Toute personne, quels que soient son âge, sa nationalité, son niveau de vie ou le lieu où elle habite, doit pouvoir, en dehors de tout procès :

  • connaître ses droits et ses obligations,
  • être informée sur les moyens de faire valoir ses droits ou d’exécuter ses obligations.

L’accès au droit vise à permettre à toute personne de connaître ses droits et ses obligations en dehors de toute procédure contentieuse et de bénéficier des moyens de les faire valoir ou de les exécuter grâce à l’intervention de professionnels habilités ou d’associations spécialisées.

L’aide à l’accès au droit, définie dans la loi du 18 décembre 1998, consiste à offrir, dans des lieux accessibles à tous, des services :

  • d’information sur les droits et devoirs des personnes
  • d’orientation vers les organismes, services ou professionnels chargés d’assurer ou de faciliter l’exercice des droits : par exemple, un conciliateur de justice, un médiateur, un avocat, un notaire, un huissier de justice, la caisse d’allocations familiales, le bureau d’aide juridictionnelle…
  • d’aide pour accomplir les démarches nécessaires à l’exercice d’un droit ou l’exécution d’une obligation, par exemple pour obtenir le versement d’une allocation. Il peut s’agir d’une aide pour constituer un dossier administratif, le transmettre à l’autorité compétente, ou d’une aide à la rédaction de courriers ou à la traduction en langue française…
  • d’assistance au cours de procédures non juridictionnelles, pour permettre à une personne d’être assistée par un professionnel compétent :
    > devant certaines commissions : les commissions de retrait du permis de conduire, les commissions d’admission à l’aide sociale, les commissions de surendettement… ;
    > devant les administrations pour obtenir une décision administrative ou exercer un recours administratif
  • de consultations juridiques et d’assistance pour la rédaction ou la conclusion d’actes juridiques (par exemple, un contrat de location, un acte notarié, une demande de régularisation de titre de séjour, un PACS…) par des professionnels habilités : avocats, avoués, notaires, huissiers de justice…
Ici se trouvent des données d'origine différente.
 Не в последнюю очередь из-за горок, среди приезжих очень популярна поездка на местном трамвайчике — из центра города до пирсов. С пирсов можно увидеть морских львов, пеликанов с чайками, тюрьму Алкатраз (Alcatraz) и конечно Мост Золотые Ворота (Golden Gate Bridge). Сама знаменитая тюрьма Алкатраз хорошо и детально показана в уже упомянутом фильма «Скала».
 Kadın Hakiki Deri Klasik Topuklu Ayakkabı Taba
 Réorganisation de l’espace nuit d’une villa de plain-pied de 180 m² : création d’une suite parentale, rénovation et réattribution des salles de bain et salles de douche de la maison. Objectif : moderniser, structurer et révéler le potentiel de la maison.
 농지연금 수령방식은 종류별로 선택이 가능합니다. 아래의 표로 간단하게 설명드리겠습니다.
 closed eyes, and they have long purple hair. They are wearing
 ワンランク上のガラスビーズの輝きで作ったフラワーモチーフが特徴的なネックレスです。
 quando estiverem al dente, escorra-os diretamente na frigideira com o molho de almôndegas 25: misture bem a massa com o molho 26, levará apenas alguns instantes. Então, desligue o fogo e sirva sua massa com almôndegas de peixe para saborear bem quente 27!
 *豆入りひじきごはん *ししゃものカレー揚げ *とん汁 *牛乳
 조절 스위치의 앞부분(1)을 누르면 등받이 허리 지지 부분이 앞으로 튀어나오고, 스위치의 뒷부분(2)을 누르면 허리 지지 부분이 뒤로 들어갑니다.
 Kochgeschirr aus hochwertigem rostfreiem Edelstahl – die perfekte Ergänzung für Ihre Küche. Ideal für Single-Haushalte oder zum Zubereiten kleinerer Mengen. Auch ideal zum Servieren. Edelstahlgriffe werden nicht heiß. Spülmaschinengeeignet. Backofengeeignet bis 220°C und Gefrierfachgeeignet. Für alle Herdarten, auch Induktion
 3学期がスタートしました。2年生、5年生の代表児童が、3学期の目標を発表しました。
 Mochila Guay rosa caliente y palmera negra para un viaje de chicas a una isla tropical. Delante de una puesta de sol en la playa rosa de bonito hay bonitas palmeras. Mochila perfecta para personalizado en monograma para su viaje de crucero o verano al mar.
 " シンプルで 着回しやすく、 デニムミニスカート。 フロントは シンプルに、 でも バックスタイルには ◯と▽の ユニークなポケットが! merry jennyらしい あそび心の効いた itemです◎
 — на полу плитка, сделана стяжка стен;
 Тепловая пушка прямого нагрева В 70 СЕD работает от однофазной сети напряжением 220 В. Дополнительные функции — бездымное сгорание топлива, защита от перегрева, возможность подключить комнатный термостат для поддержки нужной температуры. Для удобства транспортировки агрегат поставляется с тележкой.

Parce qu’elle permet aux personnes d’être mieux informées, d’être mieux orientées, d’être assistées dès que surgissent des difficultés juridiques et de bénéficier de la possibilité de résoudre à l’amiable les conflits, l’aide à l’accès au droit contribue à réduire les tensions sociales et les risques d’exclusion. Elle permet de prévenir les litiges.  A ce titre, elle est un facteur de cohésion sociale. L’accès au droit trouve son origine dans la loi du 10 juillet 1991. Depuis, la loi du 18 décembre 1998 relative à l’accès au droit et à la résolution amiable des conflits est venue compléter et enrichir cette notion. Elle organise les Conseils Départementaux de l’Accès au Droit.

Le Conseil est constitué sous forme d’un groupement d’intérêt public permettant d’associer des partenaires de statuts divers (personnes morales de droit public, associations…).

A ce jour, 100 CDAD ont été créés complétés par celui du Doubs et de la Haute-Loire en 2013.